TASK DESCRIPTION ▸ Please repeat, from the entries that follow, the lines from the one containing "Caudalie Agne des" through the one containing "大椎穴为手足太阳经及督脉交会" exactly, adding nothing.

PROVIDED INFORMATION ▸
++++
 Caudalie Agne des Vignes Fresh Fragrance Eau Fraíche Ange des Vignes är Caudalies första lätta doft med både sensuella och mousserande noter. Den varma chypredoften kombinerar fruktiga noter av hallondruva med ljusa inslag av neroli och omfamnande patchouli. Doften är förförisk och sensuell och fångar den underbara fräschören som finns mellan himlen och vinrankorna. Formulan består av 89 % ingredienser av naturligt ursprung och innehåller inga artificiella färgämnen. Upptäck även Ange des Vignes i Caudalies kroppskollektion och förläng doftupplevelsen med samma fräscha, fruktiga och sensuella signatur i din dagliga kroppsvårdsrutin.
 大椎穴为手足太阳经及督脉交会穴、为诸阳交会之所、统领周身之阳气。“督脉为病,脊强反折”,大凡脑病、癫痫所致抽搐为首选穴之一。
++++
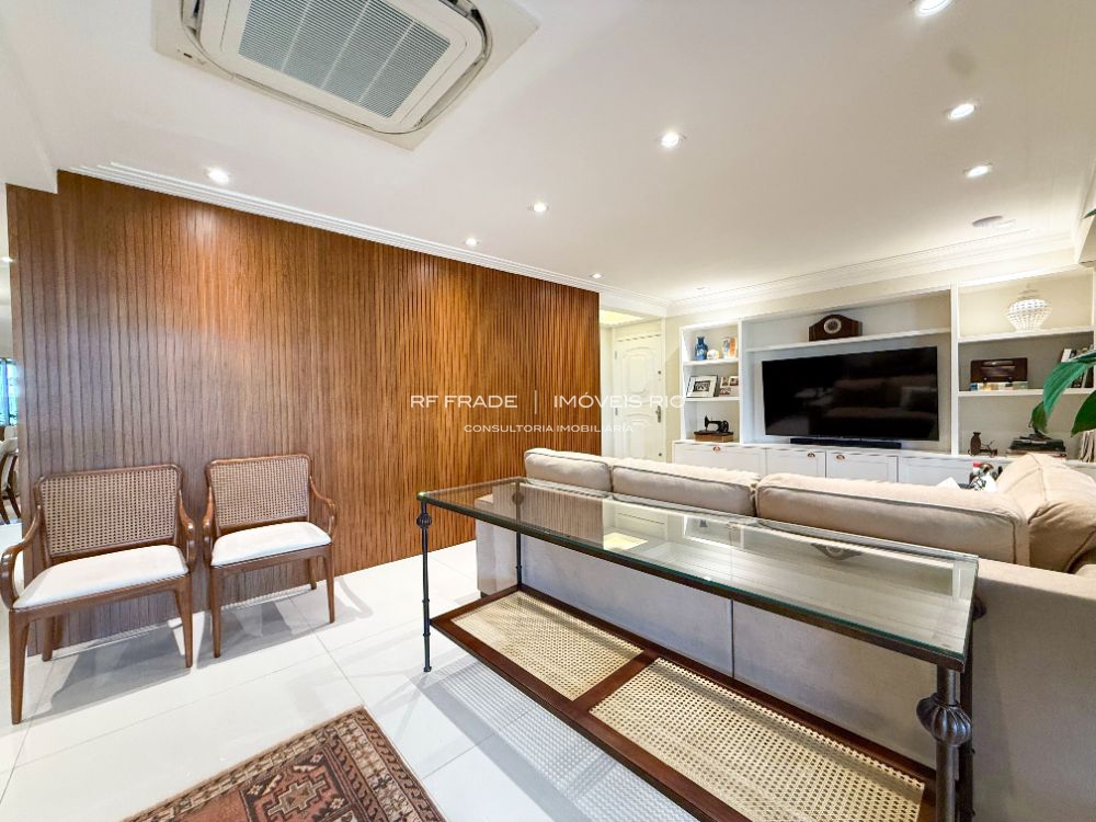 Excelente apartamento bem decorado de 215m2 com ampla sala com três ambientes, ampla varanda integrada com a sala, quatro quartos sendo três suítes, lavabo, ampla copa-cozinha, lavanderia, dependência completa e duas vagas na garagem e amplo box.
++++
ANSWER BOX ▸
 Caudalie Agne des Vignes Fresh Fragrance Eau Fraíche Ange des Vignes är Caudalies första lätta doft med både sensuella och mousserande noter. Den varma chypredoften kombinerar fruktiga noter av hallondruva med ljusa inslag av neroli och omfamnande patchouli. Doften är förförisk och sensuell och fångar den underbara fräschören som finns mellan himlen och vinrankorna. Formulan består av 89 % ingredienser av naturligt ursprung och innehåller inga artificiella färgämnen. Upptäck även Ange des Vignes i Caudalies kroppskollektion och förläng doftupplevelsen med samma fräscha, fruktiga och sensuella signatur i din dagliga kroppsvårdsrutin.
 大椎穴为手足太阳经及督脉交会穴、为诸阳交会之所、统领周身之阳气。“督脉为病,脊强反折”,大凡脑病、癫痫所致抽搐为首选穴之一。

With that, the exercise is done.